In step 188, the database determines whether the key matches the index. An example works directly with the key, not with components. A pattern search is performed. A generalized z-curve may be used, where there is a two dimensional square of little zs that form a larger z. There is a rectangular space with values for the composite keys, with vertical and horizontal lines in the rectangle. If the key matches the index, the system proceeds to step 190 to log the match. Then, the database continues to search sequentially for the next match in step 196, and returns to step 188. If the key does not match the index, the system proceeds to step 192.
In step 192, the database determines the mismatch. The mismatch may be positive or negative. The most senior bit where the key and the index disagree is determined, and this is the mismatch.
Next, in step 194, the database determines if the mismatch from step 192 is greater than the threshold established in step 186. If the mismatch is less than or equal to the threshold, the database continues searching sequentially in step 196. If the mismatch is greater than the threshold, the database jumps in step 198. When the projection of the current element onto the range space misses the range, the next match candidate is the closest element that projects onto the range start.
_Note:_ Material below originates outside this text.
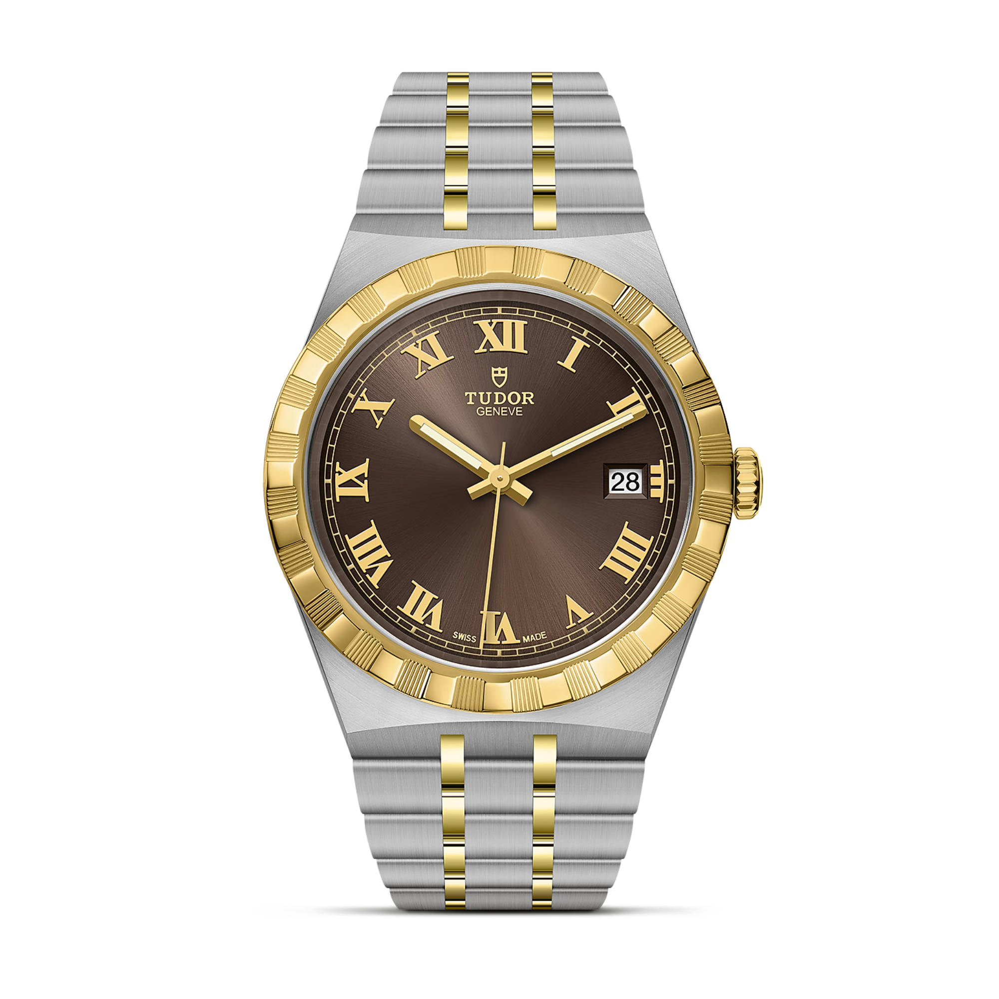 Ref. M28503-0007 - TUDOR hat die Auswahl an Zifferblättern der beliebten Royal Linie um ein lachs- sowie ein schokoladenfarbenes Zifferblatt im Sonnenschliff erweitert, die durch eine überraschende und erlesene Optik überzeugen. Die Royal Linie bietet sportliche und schicke Uhren mit Selbstaufzug sowie integrierten Armbändern, die sich durch Erschwinglichkeit und Eleganz gleichermaßen auszeichnen. Eine herausragende technische Leistung und eine raffinierte Ästhetik; diese Linie verkörpert eine Mischung aus klassischer Armbanduhr und Sportuhr. Der Name „Royal“ wurde von TUDOR erstmals in den 1950er-Jahren verwendet, um die herausragende Qualität seiner Armbanduhren hervorzuheben, die bis heute Bestand hat. Die Royal ist in Edelstahl oder in Gelbgold und Edelstahl sowie in vier Größen mit insgesamt dreizehn verschiedenen Zifferblättern für jeden Geschmack erhältlich. Alle Zifferblätter verfügen über diese applizierten Ziffern oder eine Kombination aus applizierten Ziffern und acht Diamantindizes.

However, the jump length is less than in the point pattern search. Indeed, if the range is almost all of the range space, almost all points in a given region fit the range.
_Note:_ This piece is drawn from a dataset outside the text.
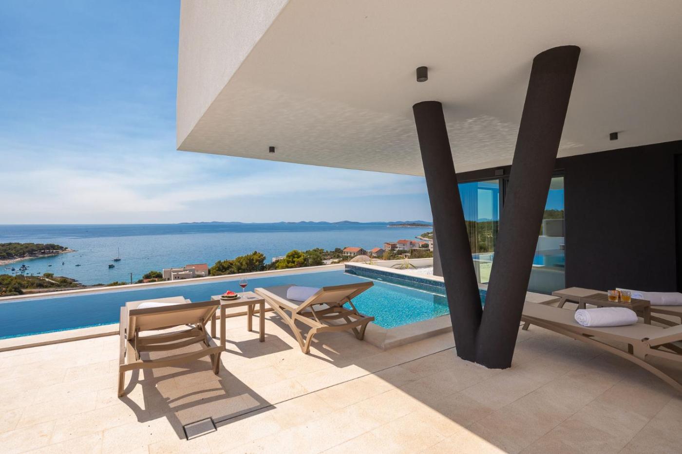 Villa. This luxurious villa provides a private pool, a sauna and a fireplace. Boasting a private entrance, this air-conditioned villa comes with 1 living room, 4 separate bedrooms and 5 bathrooms with a shower and a hairdryer. Guests will find a stovetop, a refrigerator, a dishwasher and an oven in the fully equipped kitchen. The villa also includes a barbecue. The spacious villa features a washing machine, a coffee machine, a seating area as well as a terrace with sea views. The unit has 8 beds.
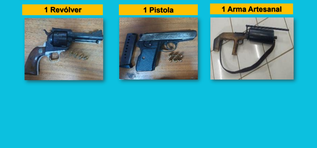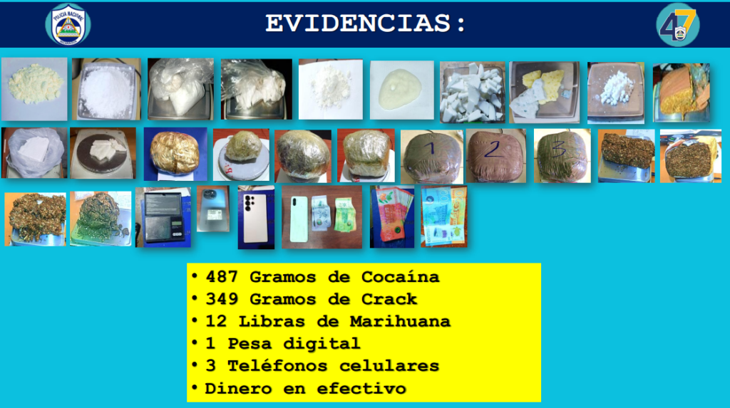 Entre las evidencias, la policía incautó 487 gramos de cocaína, 349 gramos de crack, 12 libras de marihuana, una pesa digital, tres teléfonos y dinero en efectivo, además ocupó un revólver, una pistola y un arma artesanal.

The database jumps in step 198. The jump may be made in accordance with the last disqualified key. After jumping, it proceeds to step 188 to determine whether the key matches the index.
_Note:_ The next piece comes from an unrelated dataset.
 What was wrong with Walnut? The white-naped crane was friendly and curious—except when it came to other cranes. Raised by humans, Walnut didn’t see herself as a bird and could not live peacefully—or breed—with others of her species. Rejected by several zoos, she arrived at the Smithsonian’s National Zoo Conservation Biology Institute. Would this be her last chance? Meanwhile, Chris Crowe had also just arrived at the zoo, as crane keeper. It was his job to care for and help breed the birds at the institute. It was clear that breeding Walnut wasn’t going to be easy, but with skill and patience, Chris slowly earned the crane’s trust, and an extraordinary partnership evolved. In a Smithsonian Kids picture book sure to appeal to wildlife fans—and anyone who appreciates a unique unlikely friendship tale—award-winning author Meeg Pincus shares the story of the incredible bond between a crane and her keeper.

Example matcher code was is in Java with keys represented as byte arrays. Unsigned large integer arithmetic and bitwise operations are implemented. An applications programming interface (API) is used to create schema and query filters. A pluggable storage adapter interface enables to experiment with different data stores. The distributed data scenario and in-memory scenario are tested. A data store adapter for an in-memory scenario is based on a B+ tree and MVStore, a B+ tree based key-value store behind the open source H2 database. For the big data tests, Apache HBase, an open source distributed key-value store from the Hadoop family, is used. Within this adapter, grasshopper algorithms were invoked via the HBase coprocessor mechanism. HBase partitions data into key ranges or regions, each of which is assigned to a region server node. Coprocessors facilitate access to each region, which in turn facilitates partition based grasshopper strategies. Another coprocessor keeps track of statistics for every region.
For in-memory testing, a laptop with an i5 central processing unit (CPU) and 16 Gb of random access memory (RAM) running a 64 bit Windows 7 operating system is used. The data is either randomly generated on the fly or read from a file. The schema emulated call detail records (CDRs) like those produced in telecommunications. There are sixteen dimensional attributes ranging from 2 to 214. The total composite key length is 116, resulting in 15 byte keys. A data set of 100 million records is used. The maximal Java heap size is 12 Gb. In-memory tests are run single-threaded.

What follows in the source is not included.